Kualitas pelbagai perbuatan dalam mencapai kedekatan
Melaksakan setiap perbuatan yang memiliki kelayakan untuk mendekat (taqarrub) kepada Allah dan pelakunya mengerjakan perbuatan tersebut demi Allah Swt. Artinya yang diperhatikan adalah baiknya perbuatan tersebut dan juga ketulusan pelakunya sehingga ruang untuk melakukan kedekatan dan taqarrub kepada Tuhan tersedia. Dan apabila seorang hamba telah mendekat kepada Tuhan ia dapat mengambil manfaat dari kedekatan tersebut. Pelbagai perbuatan yang memiliki tipologi sedemikian terbagi menjadi dua: Sebagian dari perbuatan tersebut sekedudukan dengan perbuatan wajib dan sebagian lainnya adalah perbuatan mustahab. Sebagaimana untuk sampai ke surga harus mengerjakan perbuatan wajib (farâidh) dan juga amalan mustahab, demikian juga untuk sampai kepada derajat insaniah yang pada hakikatnya laksana surga harus menunaikan segala perbuatan wajib dan mustahab.

Apa yang penting diperhatikan dalam perjalanan ini dan tergolong sebagai kewajiban adalah makrifat, ikhlas dalam perbuatan. Dan semakin besar makrifatnya ketulusan dalam perbuatan semakin besar pula. Al-Qur'an al-Karim memandang ibadah sebagai media untuk meraih makrifat dan keyakinan: "Dan sembahlah Tuhanmu sampai keyakinan (ajal) datang kepadamu." (Qs. Al-Hijr [15]:99)

Jelas bahwa keyakinan ini, bukan penegasan terhadap keberadaan sumber (mabdâ). Karena keyakinan ini sendiri adalah sumber ibadah bukan produk unggul ibadah dan tergolong sebagai bagian dari derajat para wali-wali Tuhan. Namun keyakinan ini, keyakinan terhadap keberadaan Allah Swt dengan segala sifat-sifat mutlak-Nya.[14]

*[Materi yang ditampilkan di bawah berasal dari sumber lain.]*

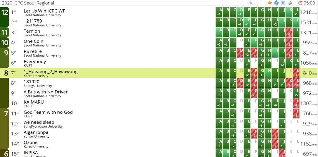 이번 리저널의 목표는 사실 Semi-World Final이 코로나로 인해 없어진 상황에서 수상권 안에만 드는 것이 목표였습니다. 예선에서 거의 20등에 가까운 성적을 받기도 했고, 서울대 6팀과 카이스트 2팀 내외, 그리고 정말 몇 달을 밤잠을 못 자게 만들었던 숭실대 팀 181920을 이기는 것이 사실상 힘들다고 예상했습니다. 심지어는 고려대의 I hate PS 팀을 이길지도 확실하지 않아 학내 1등도 보장할 수 없었습니다. 무엇보다 181920이 너무 무서웠습니다. 에렌-으드누-주떼 라인업은 객관적으로 레이팅으로 봤을 때나 예선 성적으로 봤을 때나 포텐셜이 엄청난 팀입니다. 이 팀을 이겨야 대학순위 3위로 World Final에 진출할 가능성이 조금이라도 생기기 때문에, 정말 피말리는 경쟁이 되었습니다.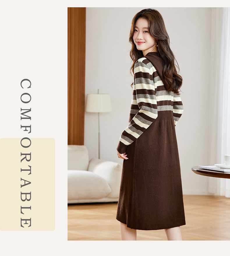 丁摩 秋冬女装连帽假两件针织连衣裙2813 商品图3

Sebagian program-program akhlak (aturan praktis akhlak) dalam meniti jalan menuju kedekatan kepada Allah adalah termasuk perbuatan mustahab. Senada dengan sabda Imam Shadiq As: "Perkara yang diwahyukan Allah Swt kepada Nabi Daud As adalah: Wahai Daud! Sebagaimana orang-orang yang rendah hati (tawadhu') adalah orang-orang yang paling dekat kepada Allah Swt, demikian juga orang-orang sombong adalah orang-orang yang paling jauh dari Allah Swt."[15]

Namun jelas bahwa rendah hati (tawadhu'), berbudi baik, santun dan mengerjakan kebaikan yang dianjurkan dalam pembahasan kedekatan kepada Allah (qurb Ilahi) semuanya hukumnya mustahab. Asas dan porosnya adalah makrifatuLlah dan menghamba kepada-Nya. Menyitir sabda agung Rasulullah Saw, "Yâ Abâ Dzar! U'budulLâh kaannaka tarâ-Hu fain kunta lâa tarâ-Hu fainna-Hu Yarâka!"[16] Artinya bahwa ibadahmu harus berdasarkan makrifat syuhudi (penyaksian) sedemikian engkau beribadah kepadanya sehingga seolah-olah engkau melihat Tuhan dan apabila (engkau tidak sampai pada derajat makrifat ini) engkau tidak melihat-Nya maka sesungguhnya Dia melihatmu.[]


Catatan Kaki:
[1]. Nahjul Balaghah, khutbah, 186

[2]. Kuiditas (mahiyah) bermakna batasan wujud dan terkhusus pada seluruh eksisten (maujud) kontingen yang terbatas. Dan karena Allah Swt adalah Wujud Mutlak dan Nir-Batas, maka tiada batasan bagi-Nya oleh karena itu Dia tidak memiliki kuiditas.

[3] . Nahjul Balaghah, khutbah 1.

[4]. Hasan Zadeh Amuli, Nushush al-Hikam bar Fushush al-Hikam, hal. 496.

[5]. Majma al-Bayân, jil. 4, hal. 820

[6]. Muhammad Ya’qub Kulaini, Al-Kâfi, jil. 6, hal. 282)

[7]. Bagian-bagian sifat-sifat Tuhan: 1. Sifat-sifat dzat: dimana dalam mengabstrasikannya cukup dengan memperhatikan dzat seperti sifat-sifat "Mengetahui ('Alim), Berkuasa (Kudrat), Hidup (Hayat) dan sebagainya. Sifat-sifat perbuatan: Sifat ini adalah sifat yang dalam mengabstrasikannya tidak cukup sekedar memperhatikan dzat Ilahi namun dzat tersebut harus ditinjau pada tataran perbuatan dan penciptaan kemudian mengabstrasikannya. Misalnya sifat-sifat pencipta (Khâliq), Pengampun (Ghafur), Pemberi rezeki (Râziq) dan sebagainya.

[8]. Jawadi Amuli, Hikmat-e Ibadah, pembahasan ketujuh, hal. 213.

[9]. Hasan Zadeh Amuli, Nushus al-Hikam bar Fushush al-Hikam, hal. 502.

[10].Qs. Fusshilat :5

[11]. Syaikh Shaduq, Man Laa Yahdhur al-Faqih, jil. 1, hal. 637.

[12] Nahjul Balaghah, Faizh al-Islam, khutbah 190.

[13]. Jawadi Amuli, Wilâyat dar Qur'ân, hal. 57. Markaz Farghangg-e Raja'

[14]. Abdullah Jawadi Amuli, Op cit, hal. 112.

[15]. Muhammad Rey Syahri, Husaini Sayid Muhammad Muntakhab Mizân al-Hikmah, riwayat no. 5212

[16]. Allamah Majlisi, Bihâr al-Anwâr, jil. 77, hal. 74.